If we consider an isometric immersion $\bar{f}:M^2\to\mathbb{R}^3$ which is minimal, is it true that $$ f:M^2\to\mathbb{R}^4 $$ (defined by $\bar{f}$ on the first three coordinates and $0$ on the last one) is still minimal? I tried to prove this but I couldn't find how the mean curvature vector field changes by extending the immersion in a constant manner on one coordinate.
Is there any literature dealing with this question?
Yes because the inclusion $i:\mathbb{R}^3\hookrightarrow{}\mathbb{R}^4$ is Totally Geodesic (this is obvious by the form of the covariant derivative in $\mathbb{R}^n$).
What holds true is the following:
Proposition: Given $f:M^r\to N^k$ minimal immersion and $g:N^k\to P^l$ totally geodesic, then $g\circ f:M^r\to P^l$ is minimal.

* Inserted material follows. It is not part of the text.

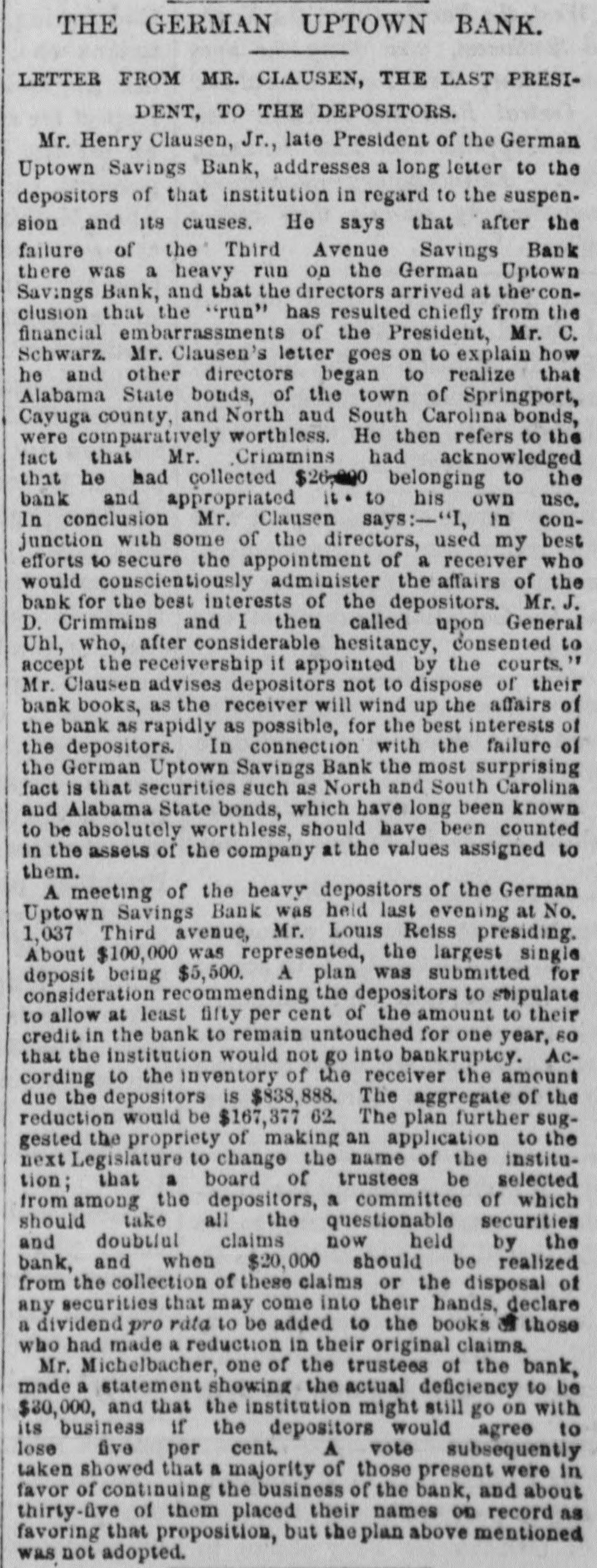 THE GERMAN UPTOWN BANK. LETTER FROM MR. CLAUSEN, THE LAST PRESIDENT, TO THE DEPOSITORS. Mr. Henry Clausen, Jr., late President of the German Uptown Savings Bank, addresses a long letter to the depositors of that institution in regard to the suspension and its causes. He says that after the failure of the Third Avenue Savings Bank there was a heavy run on the German Uptown Savings Bank, and that the directors arrived at the conclusion that the "run" has resulted chiefly from the financial embarrassments of the President, Mr. C. Schwarz. Mr. Clausen's letter goes on to explain how he and other directors began to realize that Alabama State bonds, of the town of Springport, Cayuga county, and North and South Carolina bonds, were comparatively worthless. He then refers to the fact that Mr. Crimmins had acknowledged that he had collected $26,000 belonging to the bank and appropriated 16 to his own use. In conclusion Mr. Clausen says:-"I, in conjunction with some of the directors, used my best efforts to secure the appointment of a receiver who would conscientiously administer the affairs of the bank for the best interests of the depositors. Mr. J. D. Crimmins and I then called upon General Uhl, who, after considerable hesitancy, consented to accept the receivership if appointed by the courts.' Mr. Clausen advises depositors not to dispose of their bank books, as the receiver will wind up the affairs of the bank as rapidly as possible, for the best interests of the depositors. In connection with the failure of the German Uptown Savings Bank the most surprising fact is that securities such as North and South Carolina and Alabama State bonds, which have long been known to be absolutely worthless, should have been counted in the assets of the company at the values assigned to them. A meeting of the heavy depositors of the German Uptown Savings Bank was held last evening at No. 1,037 Third avenue, Mr. Louis Reiss presiding. About $100,000 was represented, the largest single deposit being $5,500. A plan was submitted for consideration recommending the depositors to stipulate to allow at least fifty per cent of the amount to their credit in the bank to remain untouched for one year, 60 that the institution would not go into bankruptcy. According to the inventory of the receiver the amount due the depositors is $838,888. The aggregate of the reduction would be $167,377 62. The plan further suggested the propriety of making an application to the next Legislature to change the name of the institution; that a board of trustees be selected from among the depositors, a committee of which should take all the questionable securities and doubtful claims now held by the bank, and when $20,000 should be realized from the collection of these claims or the disposal of any securities that may come into their bands, declare a dividend pro rata to be added to the books a those who had made a reduction in their original claims. Mr. Michelbacher, one of the trustees of the bank, made a statement showing the actual deficiency to be $30,000, and that the institution might still go on with its business if the depositors would agree to lose five per cent. A vote subsequently taken showed that a majority of those present were in favor of continuing the business of the bank, and about thirty-five of them placed their names on record as favoring that proposition, but the plan above mentioned was not adopted.

Proof: Split the second fundamental form of $M^r\subset P^l$, in the tangent and normal part of $N(\subset P)$. The normal part vanishes by definition of Totally geodesic submanifold, hence, taking the trace, we obtain the mean curvature of $M^r\subset P^l$ equalling the mean curvature of $M^r\subset N^k$ (Note that the covariant derivative of $N$ is just the tangential part of the covariant derivative of $P$). By minimality, the latest is zero and we conclude. $\blacksquare$
As a reference, I suggest Chapter 6 of Riemannian Geometry by do Carmo (note that exercise 3 has the same flavour).